- ASSIGNMENT -
I'd like the entries reproduced exactly, with the images omitted.

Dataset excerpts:
*** Block opens ***

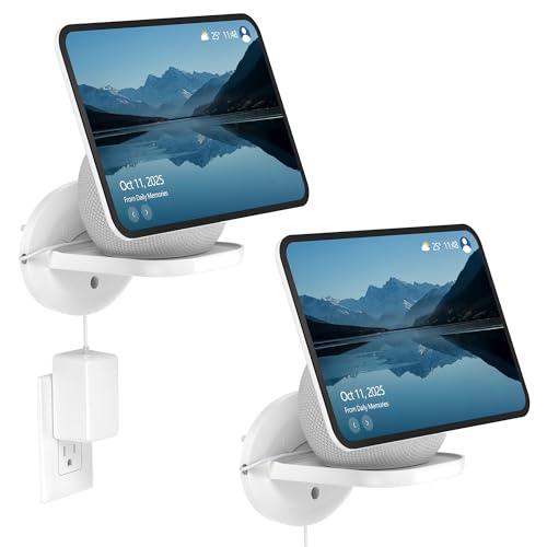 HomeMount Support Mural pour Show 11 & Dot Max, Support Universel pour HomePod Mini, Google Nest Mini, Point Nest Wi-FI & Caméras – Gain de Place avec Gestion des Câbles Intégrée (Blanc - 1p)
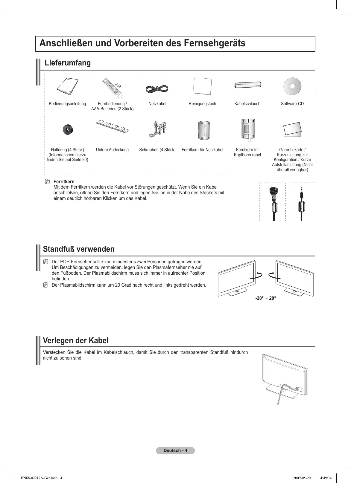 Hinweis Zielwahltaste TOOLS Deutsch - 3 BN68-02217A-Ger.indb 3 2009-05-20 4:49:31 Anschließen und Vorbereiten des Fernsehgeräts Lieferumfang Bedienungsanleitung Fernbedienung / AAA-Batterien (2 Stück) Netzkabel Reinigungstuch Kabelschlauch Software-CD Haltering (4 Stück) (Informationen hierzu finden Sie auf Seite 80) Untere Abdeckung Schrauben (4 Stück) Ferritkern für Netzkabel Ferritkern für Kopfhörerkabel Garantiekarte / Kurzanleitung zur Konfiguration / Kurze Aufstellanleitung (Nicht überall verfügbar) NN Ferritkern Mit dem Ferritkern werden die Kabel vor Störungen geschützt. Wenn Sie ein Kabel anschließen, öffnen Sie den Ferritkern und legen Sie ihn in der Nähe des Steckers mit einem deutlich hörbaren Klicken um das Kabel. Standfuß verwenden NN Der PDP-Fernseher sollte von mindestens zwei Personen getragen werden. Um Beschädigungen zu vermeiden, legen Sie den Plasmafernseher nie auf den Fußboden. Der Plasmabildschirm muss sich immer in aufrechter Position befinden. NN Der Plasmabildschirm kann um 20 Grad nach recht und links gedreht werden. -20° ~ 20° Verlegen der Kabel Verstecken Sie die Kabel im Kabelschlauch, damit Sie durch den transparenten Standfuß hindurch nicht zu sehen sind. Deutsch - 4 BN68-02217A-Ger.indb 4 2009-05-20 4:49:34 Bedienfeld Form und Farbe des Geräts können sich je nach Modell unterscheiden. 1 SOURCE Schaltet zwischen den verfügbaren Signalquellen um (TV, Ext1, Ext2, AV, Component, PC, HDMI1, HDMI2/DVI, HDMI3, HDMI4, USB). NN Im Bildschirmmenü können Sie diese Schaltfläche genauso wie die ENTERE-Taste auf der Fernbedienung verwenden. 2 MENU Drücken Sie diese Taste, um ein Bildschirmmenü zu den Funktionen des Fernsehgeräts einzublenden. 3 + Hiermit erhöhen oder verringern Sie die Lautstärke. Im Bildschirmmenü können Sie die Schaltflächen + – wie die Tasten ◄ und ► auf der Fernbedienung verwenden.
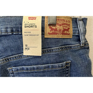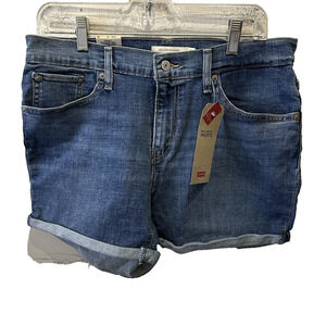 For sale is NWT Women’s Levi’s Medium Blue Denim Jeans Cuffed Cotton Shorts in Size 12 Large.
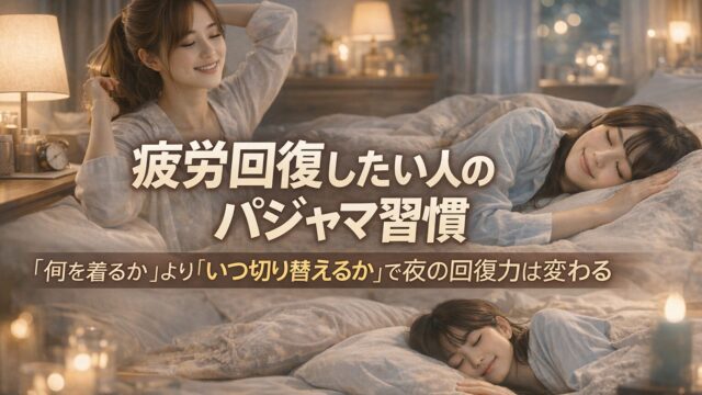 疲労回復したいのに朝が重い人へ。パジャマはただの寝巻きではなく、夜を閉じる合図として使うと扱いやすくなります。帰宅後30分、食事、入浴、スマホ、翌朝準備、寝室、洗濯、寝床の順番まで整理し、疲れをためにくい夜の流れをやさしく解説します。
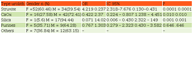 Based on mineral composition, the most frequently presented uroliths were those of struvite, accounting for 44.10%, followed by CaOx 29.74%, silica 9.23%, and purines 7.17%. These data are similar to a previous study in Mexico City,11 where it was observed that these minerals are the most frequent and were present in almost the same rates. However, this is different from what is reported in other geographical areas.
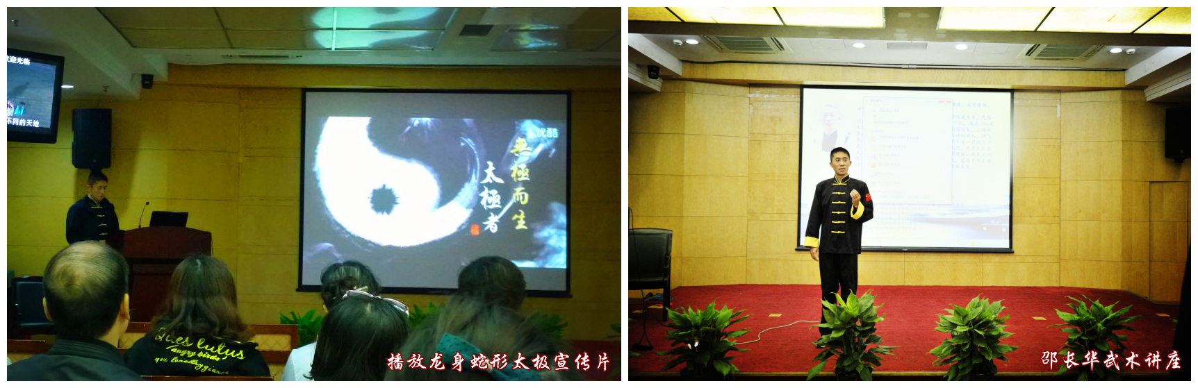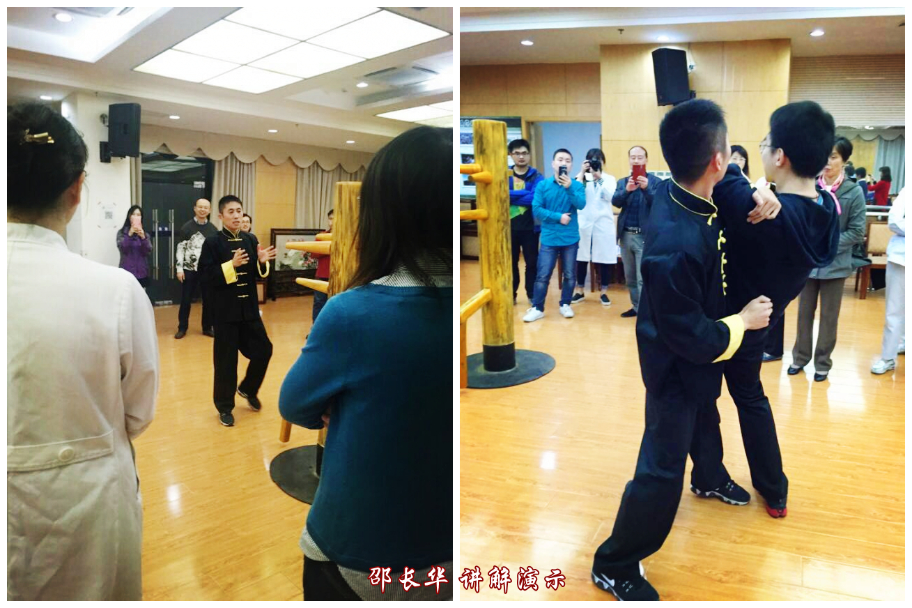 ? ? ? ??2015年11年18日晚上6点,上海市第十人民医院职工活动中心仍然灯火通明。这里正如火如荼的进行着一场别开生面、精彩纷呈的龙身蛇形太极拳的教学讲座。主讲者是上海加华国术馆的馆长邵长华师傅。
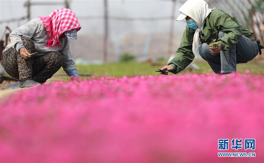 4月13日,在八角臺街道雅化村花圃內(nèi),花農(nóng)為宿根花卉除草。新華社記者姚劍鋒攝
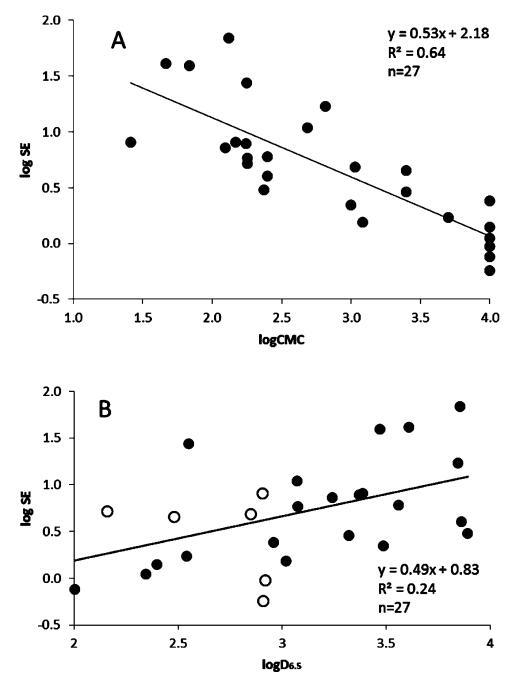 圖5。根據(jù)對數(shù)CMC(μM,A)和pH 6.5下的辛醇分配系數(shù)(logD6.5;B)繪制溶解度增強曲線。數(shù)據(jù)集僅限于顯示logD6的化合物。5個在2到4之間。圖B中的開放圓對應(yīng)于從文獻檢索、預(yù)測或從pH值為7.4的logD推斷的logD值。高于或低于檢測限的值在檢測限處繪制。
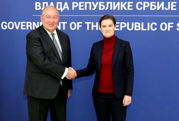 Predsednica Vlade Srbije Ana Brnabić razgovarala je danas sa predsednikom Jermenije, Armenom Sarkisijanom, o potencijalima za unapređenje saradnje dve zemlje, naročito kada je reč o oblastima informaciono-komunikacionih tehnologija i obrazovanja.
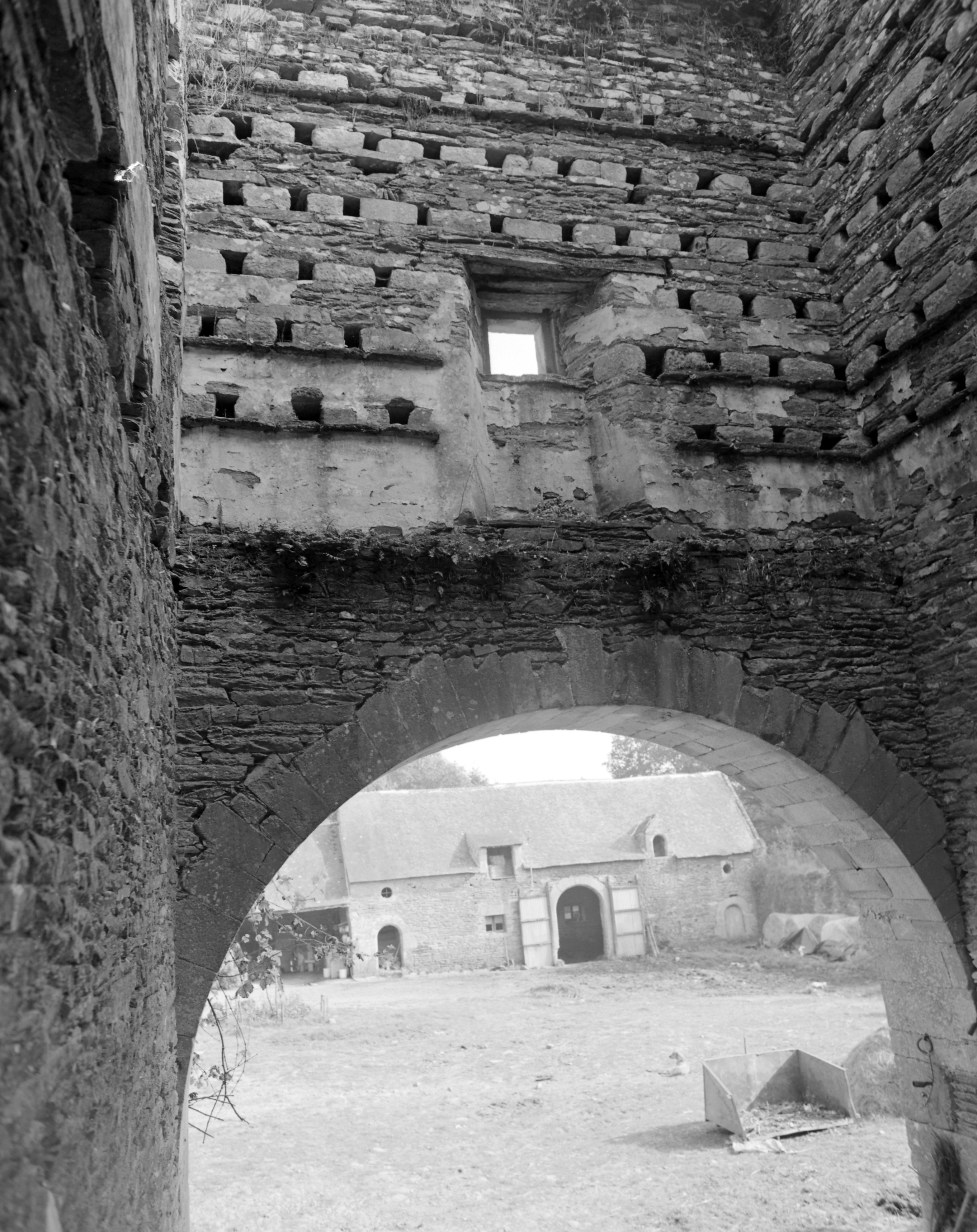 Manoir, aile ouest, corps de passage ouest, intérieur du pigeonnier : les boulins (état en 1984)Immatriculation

*** Block closes ***

- RESPONSE TO THIS TASK -
 HomeMount Support Mural pour Show 11 & Dot Max, Support Universel pour HomePod Mini, Google Nest Mini, Point Nest Wi-FI & Caméras – Gain de Place avec Gestion des Câbles Intégrée (Blanc - 1p)
 Hinweis Zielwahltaste TOOLS Deutsch - 3 BN68-02217A-Ger.indb 3 2009-05-20 4:49:31 Anschließen und Vorbereiten des Fernsehgeräts Lieferumfang Bedienungsanleitung Fernbedienung / AAA-Batterien (2 Stück) Netzkabel Reinigungstuch Kabelschlauch Software-CD Haltering (4 Stück) (Informationen hierzu finden Sie auf Seite 80) Untere Abdeckung Schrauben (4 Stück) Ferritkern für Netzkabel Ferritkern für Kopfhörerkabel Garantiekarte / Kurzanleitung zur Konfiguration / Kurze Aufstellanleitung (Nicht überall verfügbar) NN Ferritkern Mit dem Ferritkern werden die Kabel vor Störungen geschützt. Wenn Sie ein Kabel anschließen, öffnen Sie den Ferritkern und legen Sie ihn in der Nähe des Steckers mit einem deutlich hörbaren Klicken um das Kabel. Standfuß verwenden NN Der PDP-Fernseher sollte von mindestens zwei Personen getragen werden. Um Beschädigungen zu vermeiden, legen Sie den Plasmafernseher nie auf den Fußboden. Der Plasmabildschirm muss sich immer in aufrechter Position befinden. NN Der Plasmabildschirm kann um 20 Grad nach recht und links gedreht werden. -20° ~ 20° Verlegen der Kabel Verstecken Sie die Kabel im Kabelschlauch, damit Sie durch den transparenten Standfuß hindurch nicht zu sehen sind. Deutsch - 4 BN68-02217A-Ger.indb 4 2009-05-20 4:49:34 Bedienfeld Form und Farbe des Geräts können sich je nach Modell unterscheiden. 1 SOURCE Schaltet zwischen den verfügbaren Signalquellen um (TV, Ext1, Ext2, AV, Component, PC, HDMI1, HDMI2/DVI, HDMI3, HDMI4, USB). NN Im Bildschirmmenü können Sie diese Schaltfläche genauso wie die ENTERE-Taste auf der Fernbedienung verwenden. 2 MENU Drücken Sie diese Taste, um ein Bildschirmmenü zu den Funktionen des Fernsehgeräts einzublenden. 3 + Hiermit erhöhen oder verringern Sie die Lautstärke. Im Bildschirmmenü können Sie die Schaltflächen + – wie die Tasten ◄ und ► auf der Fernbedienung verwenden.
 For sale is NWT Women’s Levi’s Medium Blue Denim Jeans Cuffed Cotton Shorts in Size 12 Large.
 疲労回復したいのに朝が重い人へ。パジャマはただの寝巻きではなく、夜を閉じる合図として使うと扱いやすくなります。帰宅後30分、食事、入浴、スマホ、翌朝準備、寝室、洗濯、寝床の順番まで整理し、疲れをためにくい夜の流れをやさしく解説します。
 Based on mineral composition, the most frequently presented uroliths were those of struvite, accounting for 44.10%, followed by CaOx 29.74%, silica 9.23%, and purines 7.17%. These data are similar to a previous study in Mexico City,11 where it was observed that these minerals are the most frequent and were present in almost the same rates. However, this is different from what is reported in other geographical areas.
 ? ? ? ??2015年11年18日晚上6点,上海市第十人民医院职工活动中心仍然灯火通明。这里正如火如荼的进行着一场别开生面、精彩纷呈的龙身蛇形太极拳的教学讲座。主讲者是上海加华国术馆的馆长邵长华师傅。
 4月13日,在八角臺街道雅化村花圃內(nèi),花農(nóng)為宿根花卉除草。新華社記者姚劍鋒攝
 圖5。根據(jù)對數(shù)CMC(μM,A)和pH 6.5下的辛醇分配系數(shù)(logD6.5;B)繪制溶解度增強曲線。數(shù)據(jù)集僅限于顯示logD6的化合物。5個在2到4之間。圖B中的開放圓對應(yīng)于從文獻檢索、預(yù)測或從pH值為7.4的logD推斷的logD值。高于或低于檢測限的值在檢測限處繪制。
 Predsednica Vlade Srbije Ana Brnabić razgovarala je danas sa predsednikom Jermenije, Armenom Sarkisijanom, o potencijalima za unapređenje saradnje dve zemlje, naročito kada je reč o oblastima informaciono-komunikacionih tehnologija i obrazovanja.
 Manoir, aile ouest, corps de passage ouest, intérieur du pigeonnier : les boulins (état en 1984)Immatriculation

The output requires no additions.